Interoperability Initiative

Conversational AI That Works Like the Web

The goal of the Open Voice Network Interoperability Initiative is to enable voice and conversational AI to work like the web. Before us is a future where users can freely find and make use of any conversational assistant and language model that addresses their goals, just as they do now with web pages.

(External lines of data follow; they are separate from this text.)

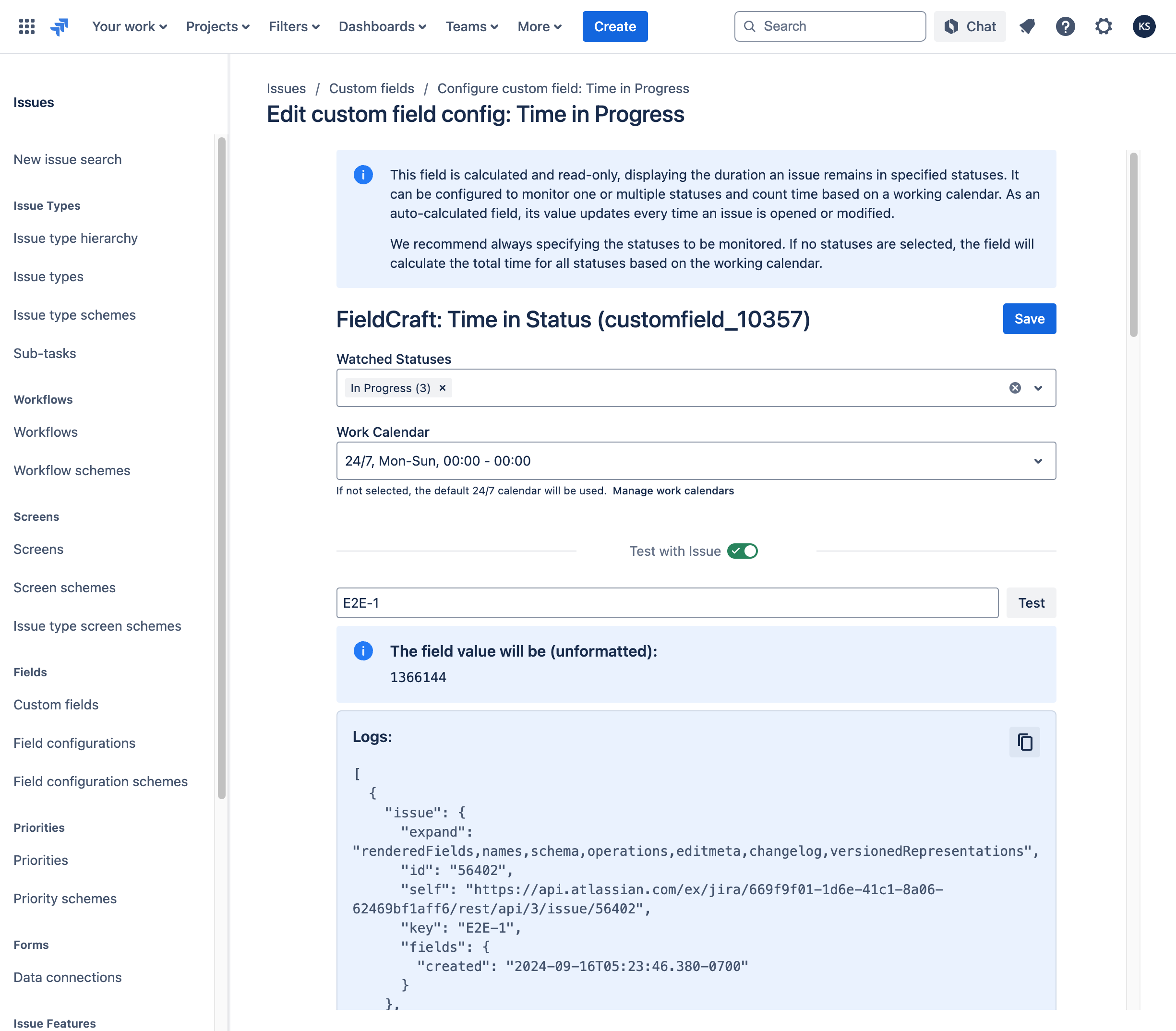 This guide will help you review the calculation details for custom fields like "Time in Status" and investigate any discrepancies between the calculated time and your expectations.
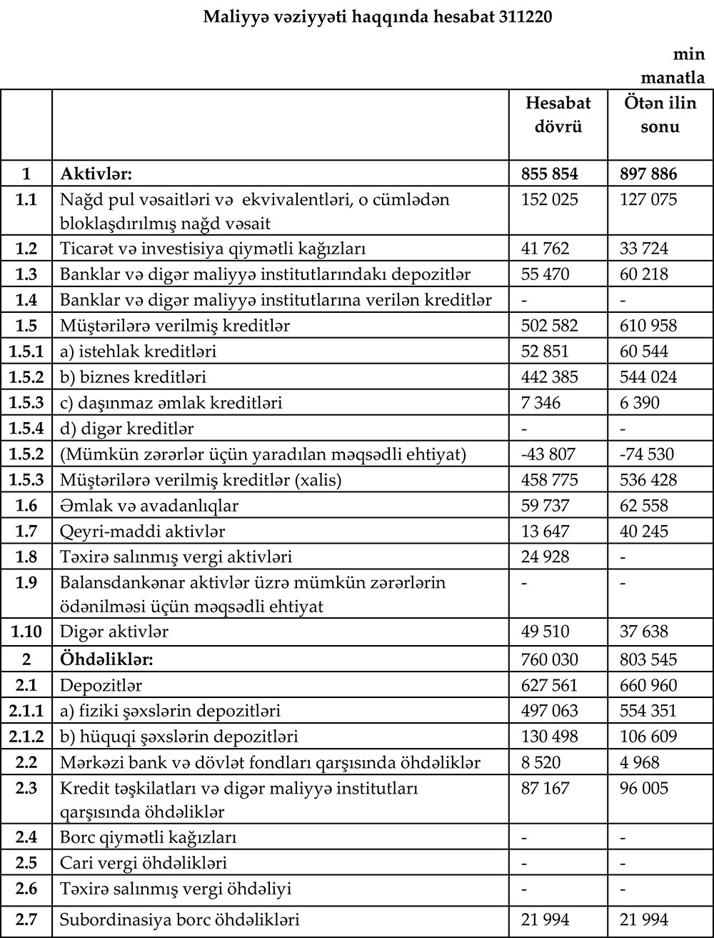 2019-cu ilin sonunda 660 milyon 960 min manata çatmış cəmi depozitlər 2020-ci ilin sonunda 627 milyon 561 min manat olub. Ötən il fiziki şəxslərin cəmi depozitləri 57 milyon 288 min manata azalaraq 497 milyon 063 min manata geriləyib, hüquqi şəxslərin depoitləri isə 23 milyon 889 min manat artaraq 130 milyon 498 min manata yüksəlib.
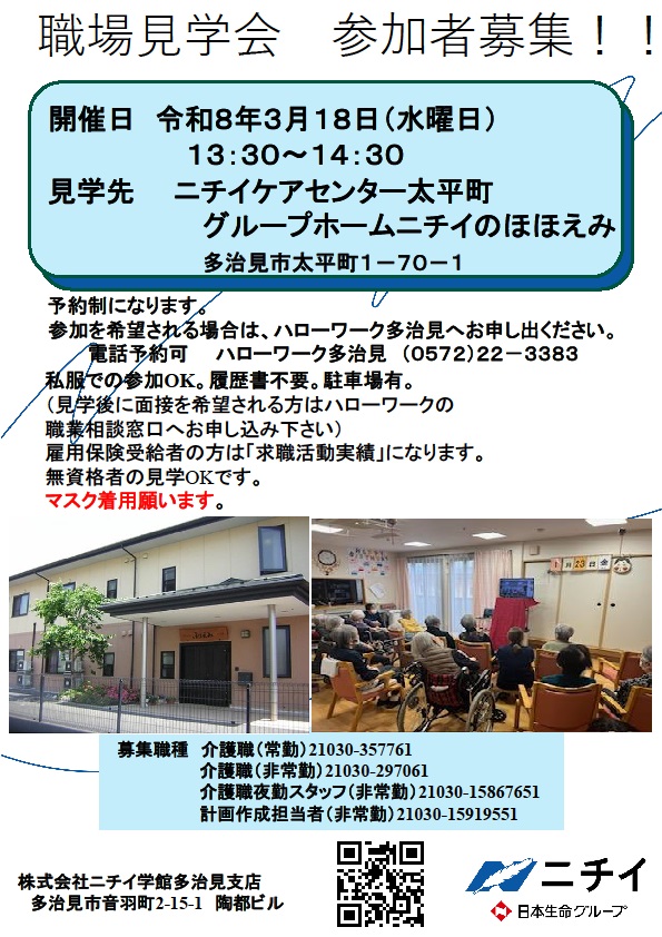 - 【ハローワーク多治見】3月18日 職場見学会のご案内
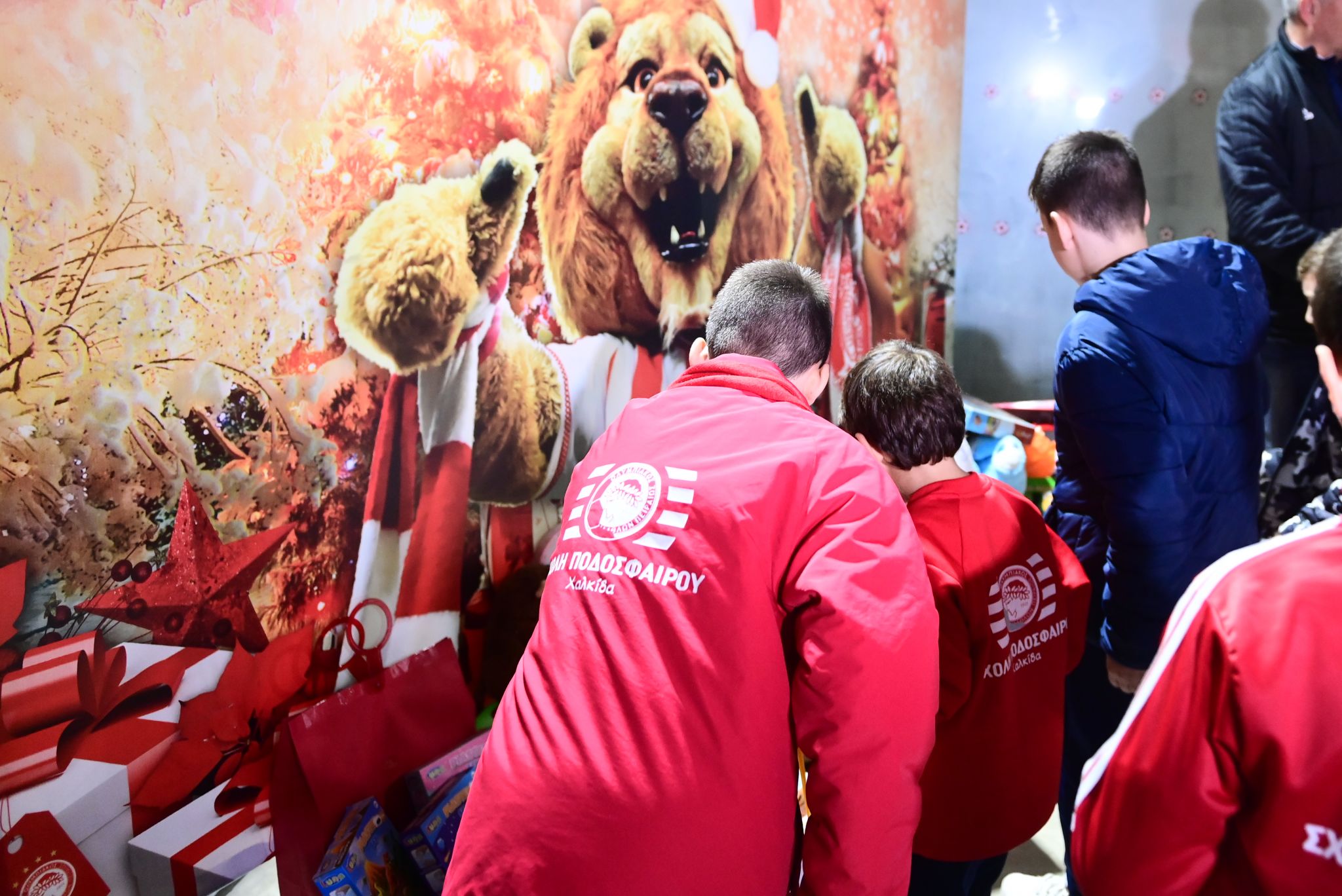 As soon as they arrived at “G. Karaiskakis,” all the players and the coaching staff got off the buses holding a gift to place under the decorated Christmas tree at the stadium’s V.I.P. entrance. The Christmas tree was filled with gifts for young children from ELPIDA, which they will receive in the next few days.
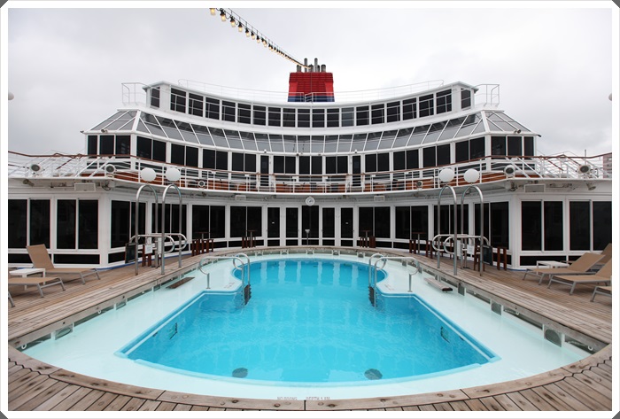 同樣9樓船尾是游泳池,下午時分來這邊游泳非常的愜意,可以觀賞到黃昏的海景,親眼看看那金黃色的陽光灑滿整片海洋的美景,遊泳池超美的! 隨時都有有救生員在現場待命,船尾也是一個很多人逗留的地方,沒游泳的人也可以來這邊看一下比基尼妹XD
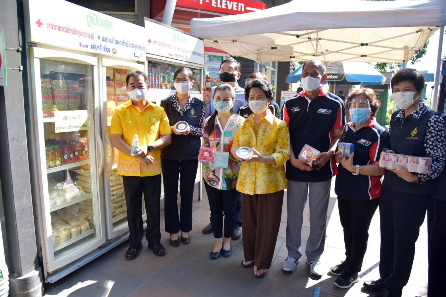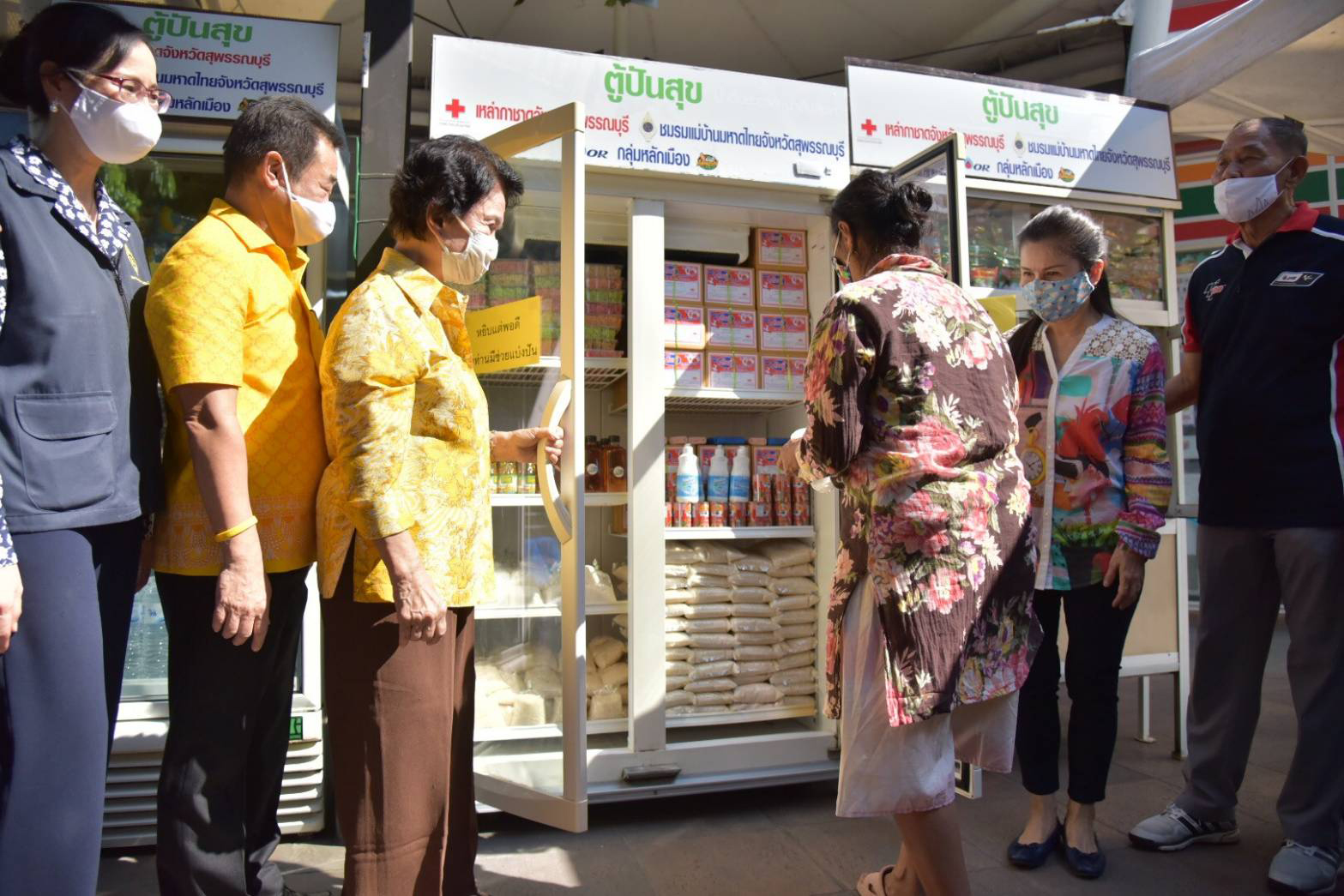 ที่บริเวณปั้ม ปตท.เลี่ยงเมือง ตำบลท่าระหัด อำเภอเมืองสุพรรณบุรี คุณหญิงแจ่มใส ศิลปอาชา ภริยานายบรรหาร ศิลปอาชา นายกรัฐมนตรีคนที่ 21 พร้อมด้วย นางสาวกัญจนา ศิลปอาชา หัวหน้าพรรคชาติไทยพัฒนา ร่วมกับ นายสมชาย สุจิตต์ ประธานกลุ่มบริษัท หลักเมืองถาวรพาณิชย์ จำกัด นางรัชนี สุจิตต์ นายนิมิต วันไชยธนวงศ์ ผู้ว่าราชการจังหวัดสุพรรณบุรี นางจุฬารัตน์ วันไชยธนวงศ์ นายกเหล่ากาชาดจังหวัดสุพรรณบุรี ปลัดจังหวัดสุพรรณบุรี ชมรมแม่บ้านมหาดไทยจังหวัดสุพรรณบุรี ร่วมกันนำสิ่งของยังชีพจำนวนมากมาใส่ตู้ปันสุขแบบไม่อั้น เพื่อช่วยเหลือผู้ยากไร้ จำนวน 3 ตู้ใหญ่ ที่บริเวณข้างร้านสะดวกซื้อภายในปั้มน้ำมัน มีชาวบ้านแห่กันมารอคิวหยิบของในร้านกันจำนวนมาก
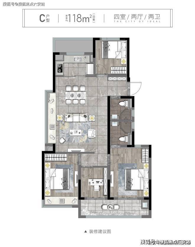 -**建面120㎡**:四房全明格局,主卧套房+观景飘窗,三代同堂从容无忧.
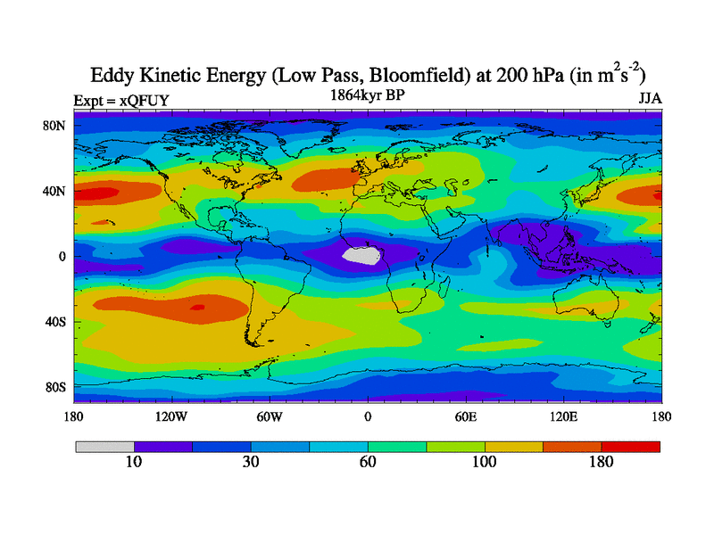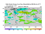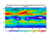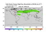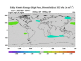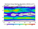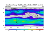 Low Pass Eddy Kinetic Energy at 200 hPa
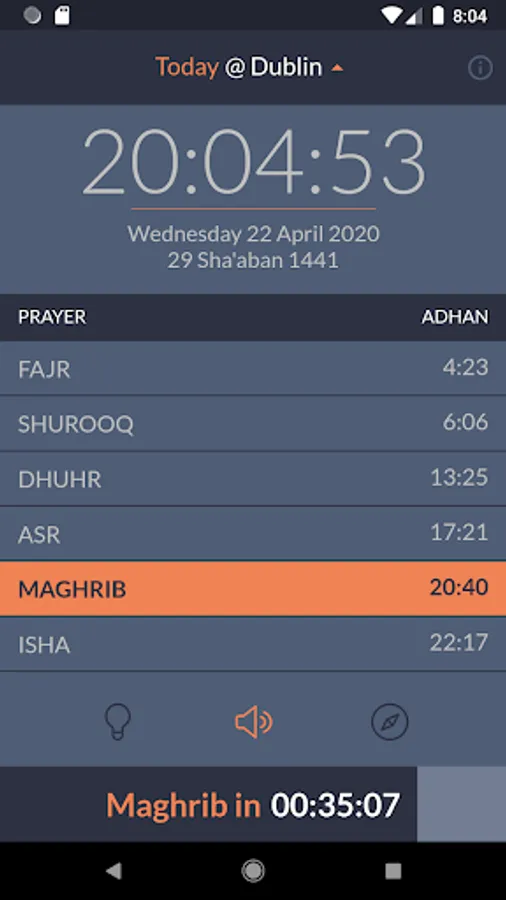 The app includes prayer times for 32 towns around Ireland including Dublin. All information is accurate and collected from the main Islamic centres in Ireland and offered to you for free (Please remember us and our families in your dua'as).
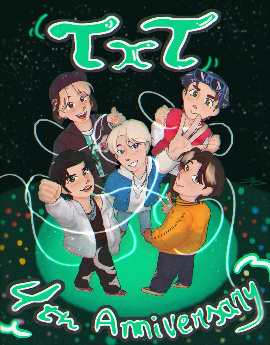 better late than never >< happy 4 years txt 💕🎉 #TXT_4th_Anniversary #ToFOUReverlandWithTXT #투바투와함께한4년내일도함께할우리 #TXTfanart
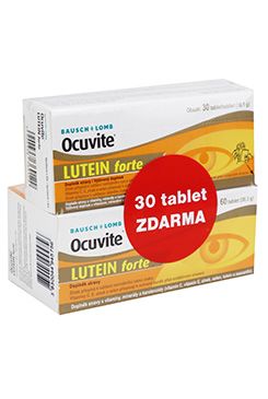 Ocuvite Lutein forte je doplněk stravy, který pomáhá k udržení normálního stavu zraku. Obsahuje kombinaci vitaminů, minerály, lutein a zeaxantin.Vitamin C přispívá k ochraně buněk před oxidativním stresem.Vitamin E přispívá k ochraně buněk před oxidativním stresem.Zinek přispívá k normálnímu udržení stavu zraku.Selen přispívá k ochraně buněk před oxidativním stresem.Dávkování a způsob užitíDoporučená dávka je 1-2 tablety denně.Složení:Přípravek obsahuje vitamin C 60 mg, vitamin E 8,8 mg, lutein 6 mg, zinek 5 mg, zeaxanthin 0,5 mg a selen 20 µg v jedné tabletě.
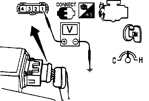 4. Using a volt meter, check voltages between terminal 1 and ground under the following conditions.
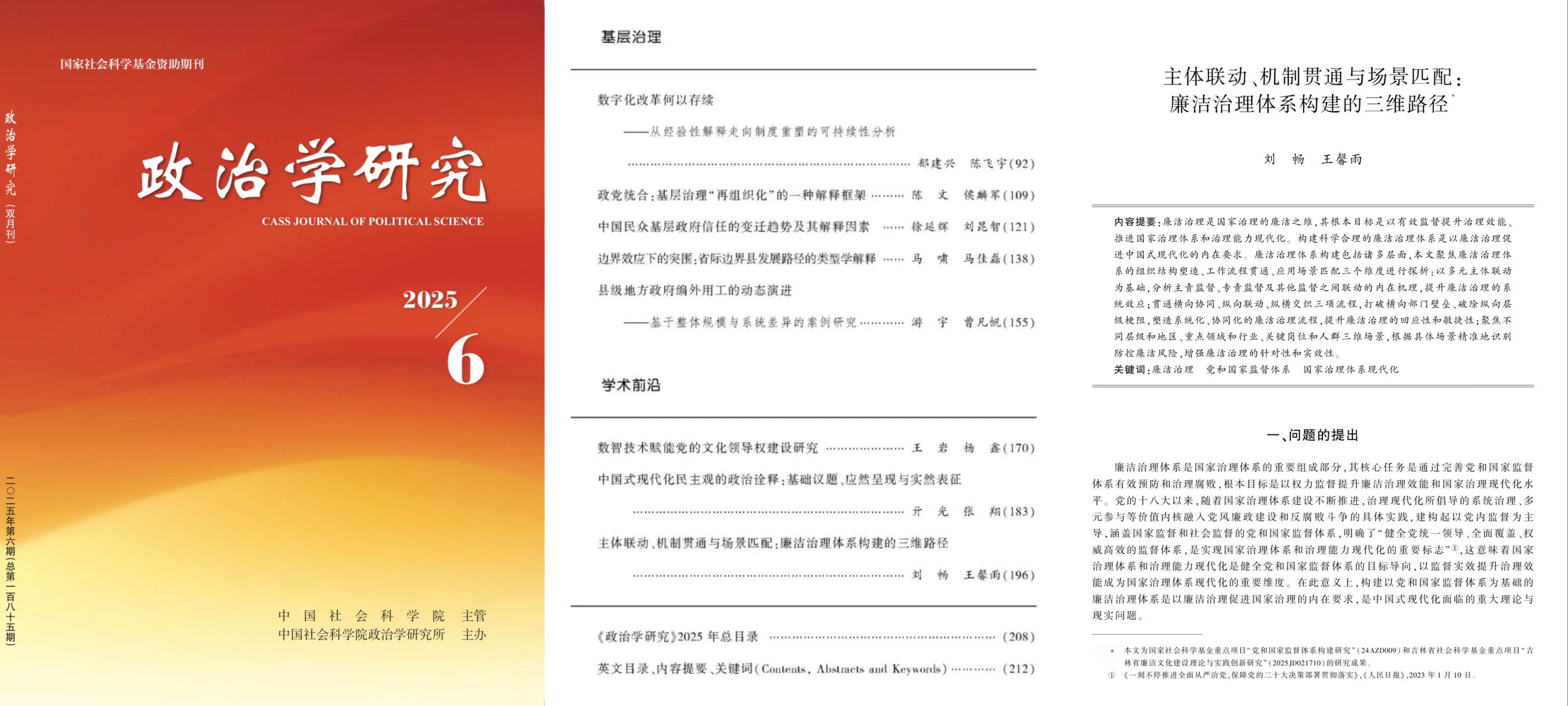 近日,我校行政学院刘畅教授博士研究生王馨雨研究成果《主体联动、机制贯通与场景匹配:廉洁治理体系构建的三维路径》在《政治学研究》2025年第6期发表。
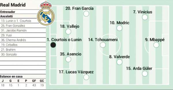 后防线上,卢宁与库尔图瓦将竞争门将位置。值得注意的是,巴列霍将与劳尔-阿森西奥搭档中卫组合,而巴斯克斯和弗兰-加西亚则可能分居两翼。这将是巴列霍在伯纳乌球场的告别演出,这位青训出身的后卫本赛季鲜有出场机会。
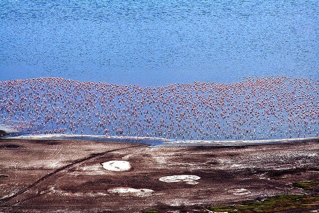 Lake Nakuru is a very shallow lake in central Kenya. The lake’s abundance of algae attracts vast quantities of lesser flamingos, sometimes more than one million at once. Often called the greatest bird spectacle on earth, the flamingos are one of Kenya’s top attractions.
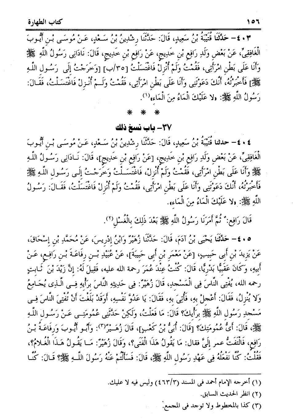 403 - حَدَّثَنَا قُتَيْبَةُ بْنُ سَعِيدٍ، قَالَ: حَدَّثَنَا رِشْدِينُ بْنُ سَعْدٍ، عَنْ مُوسَى بْنِ أَيُّوبَ الْغَافِقِىِّ، عَنْ بَعْضِ وَلَدِ رَافِعِ بْنِ خَدِيجٍ، عَنْ رَافِعِ بْنِ خَدِيجٍ، قَالَ: نَادَانِى رَسُولُ اللَّهِ صلى الله عليه وسلم وَأَنَا عَلَى بَطْنِ امْرَأَتِى، فَقُمْتُ وَلَمْ أُنْزِلْ فَاغْتَسَلْتُ [وَخَرَجْتُ إِلَى رَسُولِ اللَّهِ صلى الله عليه وسلم] فَأَخْبَرْتُهُ، أَنَّكَ دَعَوْتَنِى وَأَنَا عَلَى بَطْنِ امْرَأَتِى، فَقُمْتُ وَلَمْ أُنْزِلْ فَاغْتَسَلْتُ، فَقَالَ: رَسُولُ اللَّهِ صلى الله عليه وسلم: "لا عَلَيْكَ الْمَاءُ مِنَ الْمَاءِ.

Our path toward achieving this goal is to define, develop, and promote standards – beginning with an open, universal application programming interface (API) – which will enable any conversational assistant that follows the standards to freely interoperate with other standards-using assistants to connect, communicate, and transfer content and control across assistants, platforms, and language models.

We encourage you to learn more about our interoperability work by following the links below, where you can learn about our approach, process, future work, and how to get involved.

Why Interoperability?

This is about access, opportunity, and commercial freedom in the emerging world of conversational artificial intelligence.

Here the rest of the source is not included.